Chapter 15, “Thorax and Lungs”
This reading will help you perform a thorax and lungs assessment, recognize pertinent positives and negatives, and also document appropriately.
Instructional Materials
Head-to-Toe Assessment (Adult) Video: Anterior Thorax and Lungs
The following video will demonstrate how to examine the anterior thorax and lungs.
Transcript —Head-to-Toe Assessment (Adult): Anterior Thorax and Lungs (NUR 600, Week 5)
Narrator: : To examine the anterior thorax, have the patient remain supine and breathing normally. Readjust draping appropriately. Observe the condition of the skin and inspect the chest for deformities, asymmetry, and respiratory movement. Next, palpate the chest wall to locate any areas of tenderness or to assess any lesions or abnormalities.

Next, percuss the anterior thorax in symmetrical areas, proceeding from the supraclavicular area down to the 6th rib or below. Again, compare both sides. Identify your percussion notes and the locations. Using the diaphragm of your stethoscope, you should hear resonance over the anterior lung fields.
Transcript—Head-to-Toe Assessment (Adult): Back, Posterior Thorax, and Lungs (NUR 600, Week 5)
Narrator: : Positioned behind the patient, continue by inspecting and palpating the muscles of the upper back. Then, inspect and palpate the chest and percuss the lungs. Inspect for shape, symmetry, and deformities. Percuss the lungs in a systematic manner, going from side to side as you move down the thorax from the apices to the bases of the lungs. Listen to the intensity, pitch, and duration of your percussion notes and decide what kind of notes you are hearing. Normal lungs are resonant. Locate any areas where you hear abnormal notes.

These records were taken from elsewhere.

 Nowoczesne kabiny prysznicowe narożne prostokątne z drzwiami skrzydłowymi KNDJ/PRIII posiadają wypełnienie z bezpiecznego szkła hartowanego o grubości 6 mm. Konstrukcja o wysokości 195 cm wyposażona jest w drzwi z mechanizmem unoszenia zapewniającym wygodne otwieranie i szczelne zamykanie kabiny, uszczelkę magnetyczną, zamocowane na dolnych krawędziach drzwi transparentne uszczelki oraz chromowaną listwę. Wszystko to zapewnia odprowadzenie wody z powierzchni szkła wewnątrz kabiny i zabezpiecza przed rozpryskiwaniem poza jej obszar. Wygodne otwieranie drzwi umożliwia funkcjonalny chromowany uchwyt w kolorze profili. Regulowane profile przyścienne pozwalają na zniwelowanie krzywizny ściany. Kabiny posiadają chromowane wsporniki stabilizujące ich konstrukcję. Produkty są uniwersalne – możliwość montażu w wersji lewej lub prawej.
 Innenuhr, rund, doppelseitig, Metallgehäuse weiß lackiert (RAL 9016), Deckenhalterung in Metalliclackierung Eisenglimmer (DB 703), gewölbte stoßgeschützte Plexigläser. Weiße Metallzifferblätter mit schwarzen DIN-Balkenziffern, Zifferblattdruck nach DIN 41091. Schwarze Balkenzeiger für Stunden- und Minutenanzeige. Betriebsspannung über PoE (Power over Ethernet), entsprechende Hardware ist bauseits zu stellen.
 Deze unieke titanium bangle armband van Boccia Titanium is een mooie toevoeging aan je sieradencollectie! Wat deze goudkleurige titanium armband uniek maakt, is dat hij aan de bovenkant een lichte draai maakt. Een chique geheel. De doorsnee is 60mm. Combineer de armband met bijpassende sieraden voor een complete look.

Lynn Bickley: : Breathe out.

Narrator: : Next, use percussion to identify the level of diaphragmatic dullness and measure descent of the diaphragm.

Lynn Bickley: Breathe.

Narrator: To assess respiratory excursion, place your thumbs close to the patient’s spine at the level of the 10th ribs and spread your hands lightly over the lower thorax. Ask the patient to inhale deeply and exhale fully while you watch the divergence of your thumbs and feel for the range and symmetry of movement.

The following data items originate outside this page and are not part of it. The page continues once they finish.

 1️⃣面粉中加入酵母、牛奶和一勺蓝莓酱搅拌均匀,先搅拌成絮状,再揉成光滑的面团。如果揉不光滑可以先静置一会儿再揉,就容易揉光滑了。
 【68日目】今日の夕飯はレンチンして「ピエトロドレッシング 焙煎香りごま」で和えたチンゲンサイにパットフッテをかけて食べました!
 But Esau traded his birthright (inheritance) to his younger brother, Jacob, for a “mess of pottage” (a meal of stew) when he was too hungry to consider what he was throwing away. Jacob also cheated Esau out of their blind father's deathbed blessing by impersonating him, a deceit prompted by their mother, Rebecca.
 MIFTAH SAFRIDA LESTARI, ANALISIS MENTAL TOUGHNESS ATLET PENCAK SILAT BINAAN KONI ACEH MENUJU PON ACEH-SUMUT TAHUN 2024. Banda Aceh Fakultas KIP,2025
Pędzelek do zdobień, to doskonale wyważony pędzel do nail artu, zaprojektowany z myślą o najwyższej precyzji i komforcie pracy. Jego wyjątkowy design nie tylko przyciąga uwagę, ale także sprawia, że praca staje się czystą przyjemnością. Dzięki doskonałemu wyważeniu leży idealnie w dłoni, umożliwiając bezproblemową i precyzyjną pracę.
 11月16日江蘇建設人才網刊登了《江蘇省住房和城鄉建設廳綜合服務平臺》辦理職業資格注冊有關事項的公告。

To auscultate the posterior thorax, begin at the apices and proceed downward, moving systematically from side to side while comparing the sounds in symmetrical areas. Using the diaphragm of the stethoscope, observe the rate, rhythm, depth, and effort of breathing and listen for adventitious sounds that my indicate abnormal respiratory conditions. Listen to at least one entire breathing cycle at each location.